The first particle delivers the famous CRISPR-Cas9, the "molecular scissors" that cut DNA at a precise location, to the T cells. The second particle carries the CAR gene itself—the instructions that transform a normal T cell into a cancer-killing cell.
The key technical breakthrough is that DNA insertion occurs precisely at a specific point in the genome, rather than randomly, as in classical methods. This reduces the risk of side effects, including secondary tumors.
The system is also configured to work only in T cells. This is achieved through a kind of "molecular switch" that is activated only in these cells. This is critical because the body has no way to filter out incorrectly modified cells, as is done in the laboratory.
The results in mice with a "humanized" immune system appear very strong. After a single injection, cancer disappeared in almost all animals in just two weeks. Modified T cells accounted for up to 40 percent of immune cells in some organs and effectively destroyed tumors in both the bone marrow and spleen.

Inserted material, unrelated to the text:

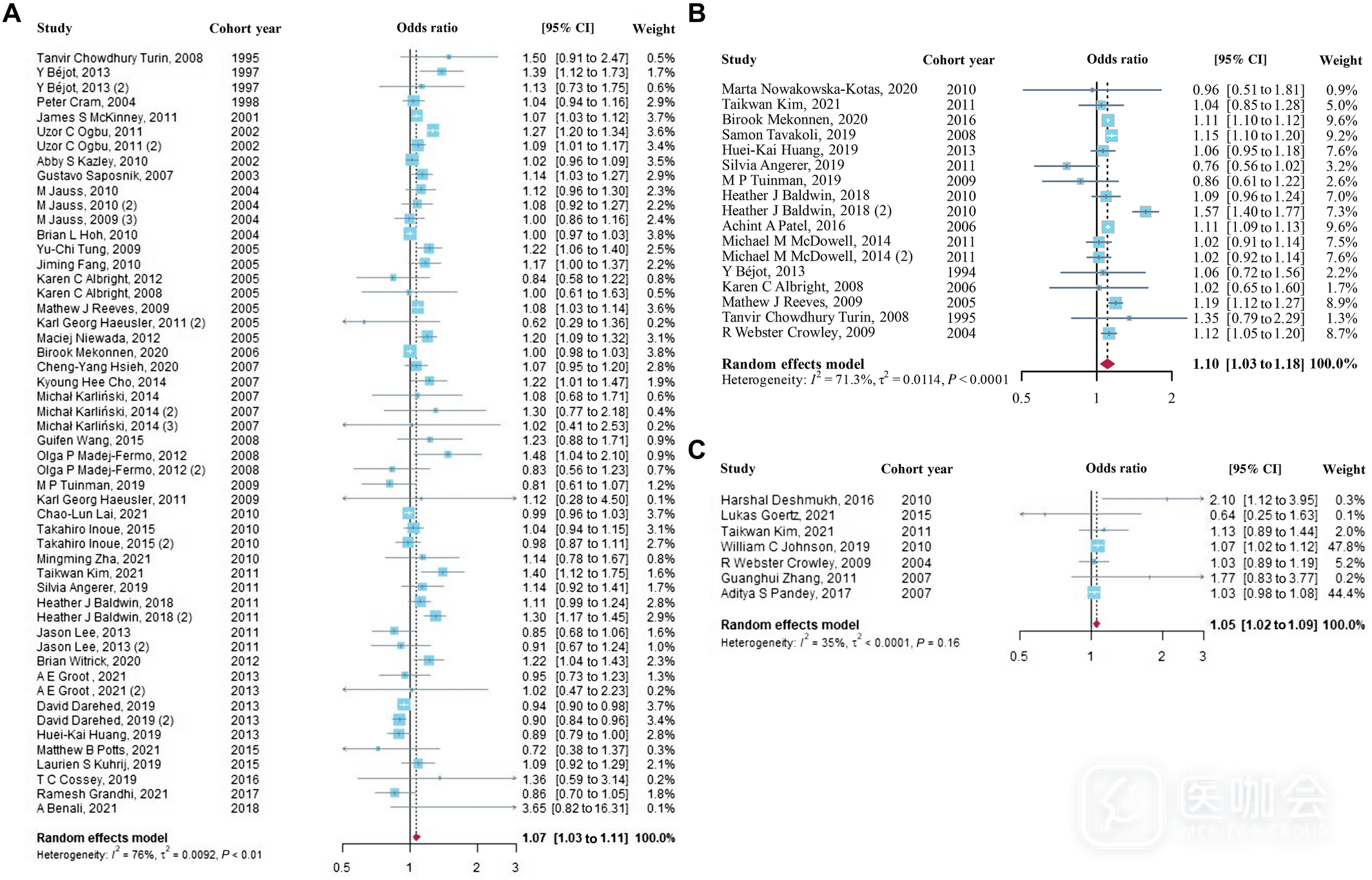 - 40项研究报告缺血性卒中短期死亡风险,非工作时间入院患者短期死亡风险更高:OR 1.07(95%CI 1.03–1.11);I²=76%;τ=0.10;预测区间0.91–1.25;

The method worked not only against leukemia, but also against multiple myeloma and sarcoma—this is especially important because solid tumors typically respond poorly to CAR-T therapy.
Interestingly, T cells created directly in the body were even more effective than those produced in the laboratory. It is believed that when grown outside the body, the cells lose some of their properties—their so-called "stemness" and their ability to proliferate. This does not occur inside the body.